COBOL MOVEs 50 to AGE - PaddyCorry
http://www.guardian.co.uk/technology/2009/apr/09/cobol-internet-programming

======
greggraham
When I used to ride the train to work, I sat next to a young man who was
looking over a printout of what I recognized as COBOL code. I talked to him,
and he was debugging a problem that came up the night before in the back-end
of a gas pump point-of-sale system. He was very cheerful and seemed to love
his work. After that I thought about that one nice thing about being a COBOL
programmer was that you didn't have to keep up with all of the latest
frameworks and standards.

------
jballanc
Reading this article made me think of Jared Diamond's assertion that invention
is the mother of necessity, not the other way around.

Before anyone gripes about outdated technology you need to ask yourself a
question: what's so great about the new stuff? I'm not saying there isn't an
answer to that question (I'm also not saying that there _is_ ), what I'm
saying is that the answer needs to be better communicated before anything is
going to change.

------
ShabbyDoo
It seems that there a few broad problems with owning/using legacy COBOL:

1\. It's usually run on a big, expensive mainframe.

2\. Good developers run from it, so you're stuck with the coders left over
from adverse selection

3\. It has questionable modularity/maintainability and integration with more
modern stuff is hard.

What opportunities are created by these problems?

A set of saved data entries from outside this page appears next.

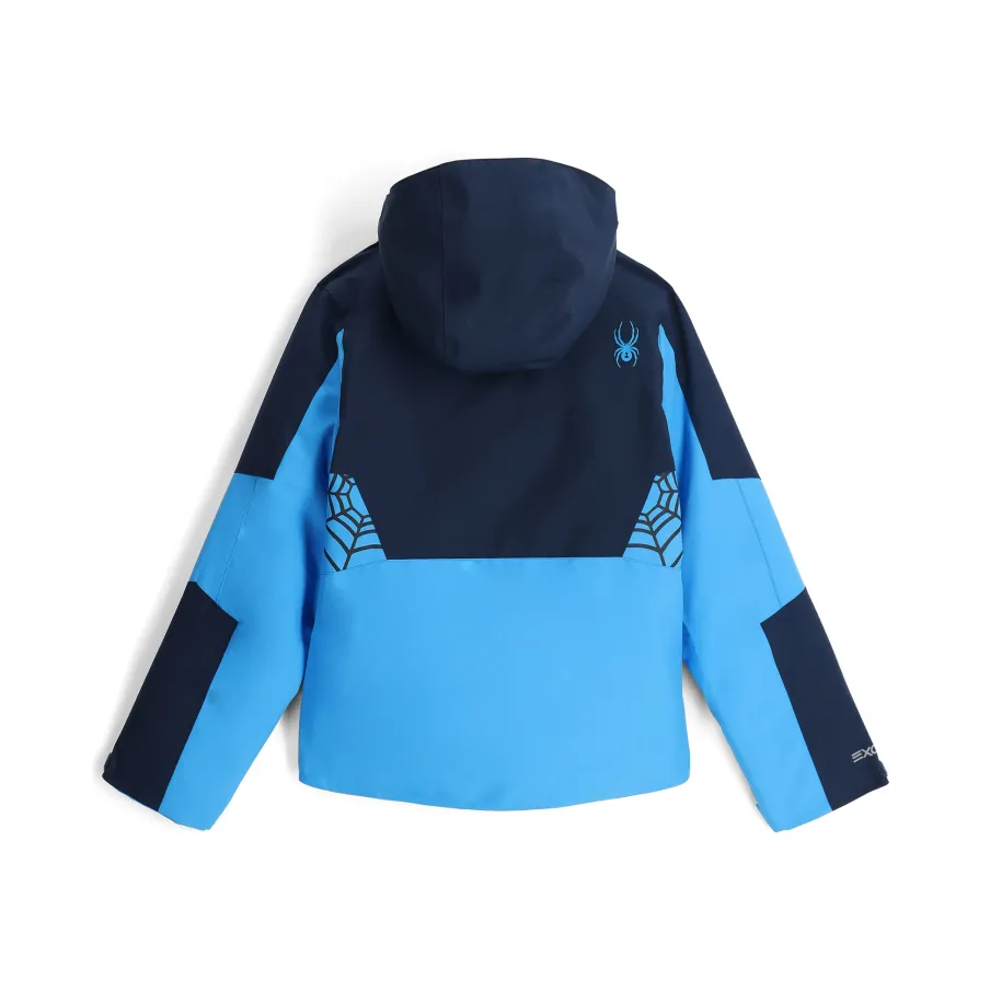 This Challenger includes all the bells and whistles: reflective detailing, data card, goggle pocket, removable hood with inner hood gaiter, taped seams, and a powder skirt with snaps and elastic grip. Featuring a 10k/10k stretch recycled EXO SHIELD fabric with DWR and EXO THERMO insulation (120g), the Challenger Jacket lets the little guys forget the cold and take on any part of the mountain.nEXO SHIELD 10K – Stretch Recycled Polyester Plain Weave with 10K/10K Laminate and DWRnEXO THERMO Insulation (120g)nComponents are produced without PFAS chemicalsnRemovable helmet compatible hood with inner hood gaiternYKK® Vislon® Center front zippernYKK® Zippered hand pocketsnSpyder web screenprint at back bodynFixed powder skirt with snaps and gripper elasticnData card, internal and mesh goggle pocketnAdjustable cuff tabs with gussets and interior stretch cuffs with thumb holesnCB length: Size 10 : 24″nFit: Standardn55% RECYCLED POLYESTER / 45% POLYESTER
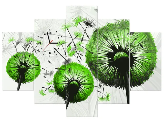 Úvod » Obrazy » Obrazy s hodinami » Obraz na stenu s hodinami Limetkové púpavy
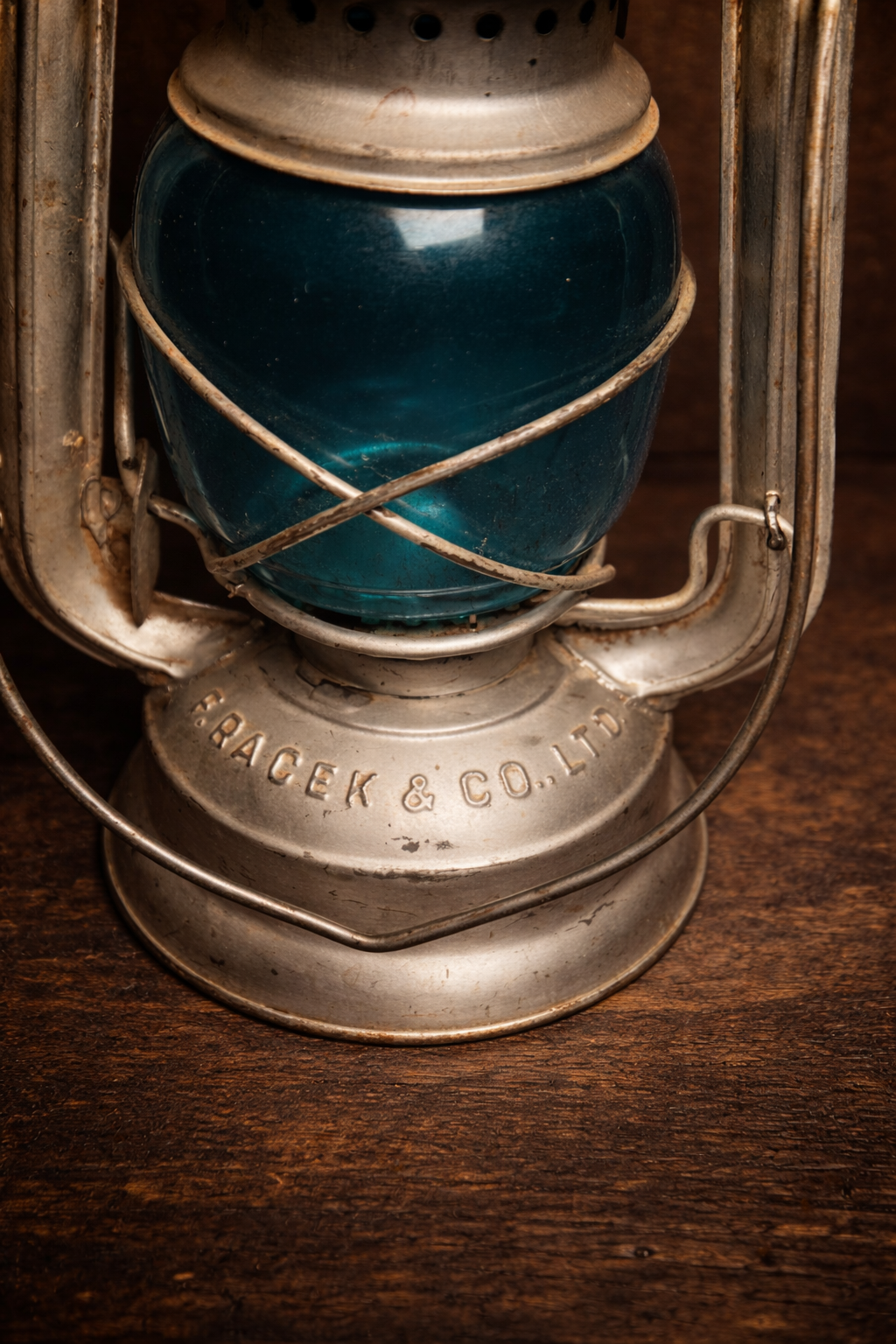 Vintage German Hurricane Lantern – FRACEK & Co. Ltd. | Original Blue Glass | Antique Collectible
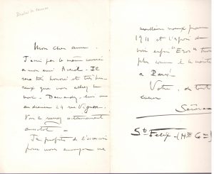 Il écrit à son ami Auriol : « Il sera très honoré et très heureux que vous alliez le voir ». Vreux pour 1911, avec « l'espoir de voir enfin Éros triompher comme il le mérite à Paris ! »...
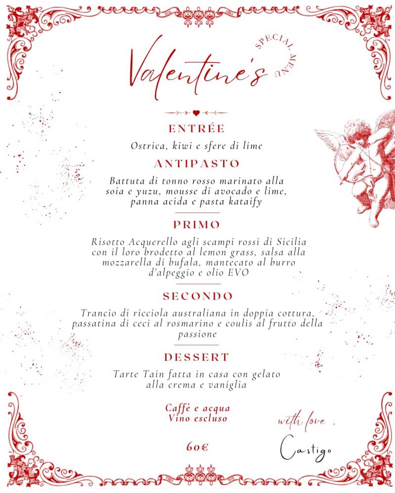Ecco a voi il Menù per il San Valentino al Castigo
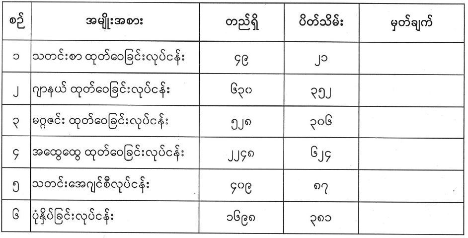 ပုံနှိပ်ခြင်းလုပ်ငန်း၊ ထုတ်ဝေခြင်းလုပ်ငန်း(သတင်းစာ၊ ဂျာနယ်၊ မဂ္ဂဇင်း၊ အထွေထွေ) သတင်းအေဂျင်စီလုပ်ငန်းများ ခွင့်ပြုထားရှိမှုနှင့် ထုတ်ဝေမှုအခြေအနေ (၃၀-၉-၂၀၂၄) 10/05/2024
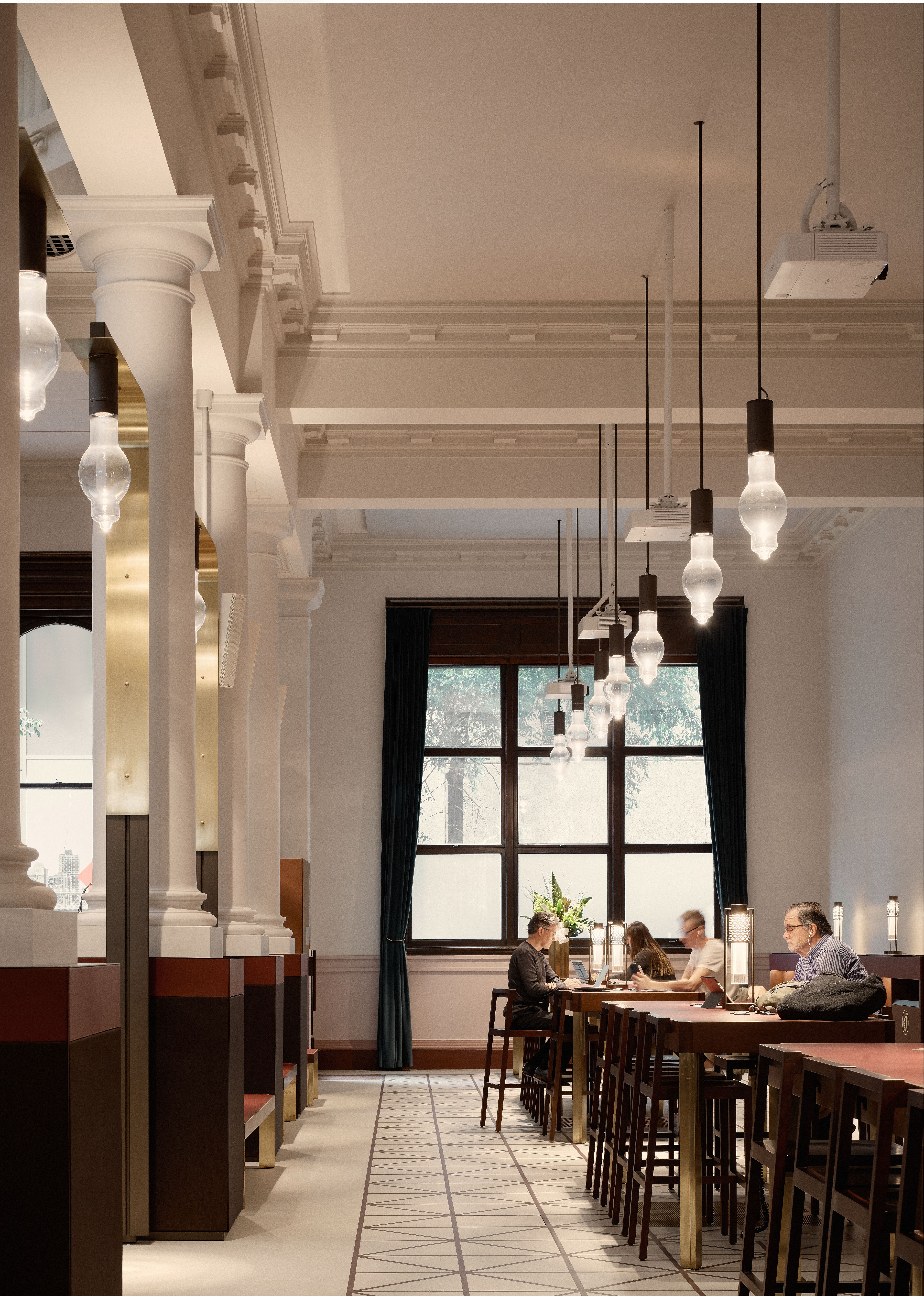 Upstairs, original rooms encircling the dome over two floors serve as creative suites to support group study, meetings and break-out rooms for postgraduate students within the schools of architecture and business.
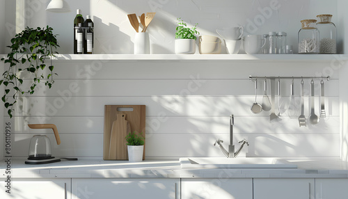 Interior of modern kitchen with white counters, shelf, sink and utensils

My limited experience is that Mainframe COBOL systems (I know nothing of
Microfocus) use either a database (DB2 usually) or large, random access flat
files for persistence. COBOL programs are much like scripts run from within a
transaction monitor. [Please correct me if I'm wrong here!]. Why has no one
done a WINE-style implementation of the important APIs along with an
interpreter so that existing code can be run on a horizontally-scalable
platform? Mainframes are really expensive. Not only does IBM charge a lot, but
you end up buying 3rd party software (ABEND-AID, I'm not kidding...) just to
keep the lights on. Perhaps a distributed flat file implementation could be
built to mimic 60's era data storage models. Does anyone do this? It seems
like a great Open Source business as COBOL users are accustomed to paying for
support and services. What do I not understand about this?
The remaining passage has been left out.